La Catequesis del Catequista:
Celebrar
es, sobre todo, decir “gracias”. Celebramos la vida en cada cumpleaños,
celebramos la salud, una intervención médica que salió bien, la sonrisa de
nuestros hijos… Cada hecho que celebramos va unido a la gratitud. En el día del
catequista demos gracias por ellos, por su identidad y vocación que, con
silencio y mucha humildad, van construyendo el Reino de Jesús.
El
catequista está llamado a ser entrañablemente él mismo. En la verdad y en la
hondura de su identidad resuena el llamado de Dios que lo convoca a ser eco de
Cristo, para que muchos hombres y mujeres se encuentren con Él. ¡Cuánta
sintonía y cuánta fidelidad! ¿Cómo hacerse eco auténtico? ¿Cómo no ser una caja
de resonancia de otras voces y de otros ruidos capaces de distorsionar la
verdadera identidad?
En
esta disyuntiva existencial: ser o no ser lo que Dios lo invita a ser, queda
implicada la naturaleza humana del catequista.
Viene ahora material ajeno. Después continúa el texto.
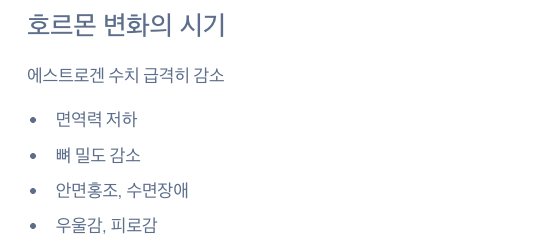이 시기에는 면역력 저하, 뼈 밀도 감소, 우울감, 안면홍조, 수면장애 등이 흔히 나타나며, 식이요법을 통해 증상을 완화하고 신체 균형을 회복하는 것이 매우 중요합니다.

Caída y redimida. Débil y
fuerte. Imperfecta y llamada a la plenitud. Sería impensable un catequista
desprovisto de la gracia de Dios. Sería impensable un catequista errante,
náufrago de procesos educativos incapaces de albergarlo.
La
naturaleza humana, abierta al auxilio divino de la gracia y al auxilio humano
de la educación, se perfecciona y se hace más imagen y semejanza de Dios. Se
hace tierra fértil en la cual Cristo crece, configurando en la personalidad del
catequista todas las virtudes que lo hacen capaz de ser lo que Dios lo invita a
ser.
En
este proceso educativo, la catequesis ocupa un lugar propio e inconfundible. A
ella le corresponde la educación de la fe. Y el catequista, como hombre de fe,
necesita ser permanentemente educado en esa misma fe que profesa.
Para
ser entrañablemente él mismo, el catequista necesita hacerse destinatario de la
catequesis. Destinatario de itinerarios formativos diseñados para él, en los
cuales la educación en la fe sea intencional y sistemáticamente favorecida. En
el integral entramado de dimensiones diversas asumidas por la formación de los
catequistas, tendrá un lugar privilegiado la educación de la fe, como virtud
teologal que ha de ser sostenida, fortalecida, animada, informada y testimoniada
a lo largo de toda la vida.
Pero,
para ser entrañablemente él mismo, el catequista necesita hacerse destinatario,
también, de los procesos catequísticos diseñados para sus catequizandos y
catecúmenos. Allí, en la siempre nueva dinámica del encuentro y del proceso
catequístico, allí Dios obra produciendo siempre lo inimaginable. Allí, en el
misterio de una metodología y de unos recursos siempre imperfectos, Dios logra,
una vez más, como aquel día junto al pozo de Zicar, que los discípulos sean
testigos. Y el catequista se hace destinatario de lo que los catequizandos y
catecúmenos dicen.
Catequistas, hagamos todo lo que Jesús nos
diga:
Compartimos
nuestra realidad catequística, con situaciones nuevas y antiguas y amada
siempre por Dios. Él sigue suscitando vocaciones catequísticas en hombres y
mujeres que, en medio de esta realidad y enviados por la Iglesia, quieren
responder como discípulos-misioneros al llamado de Jesús Buen Pastor.
Los
catequistas estamos esencialmente unidos a la comunicación de la Palabra.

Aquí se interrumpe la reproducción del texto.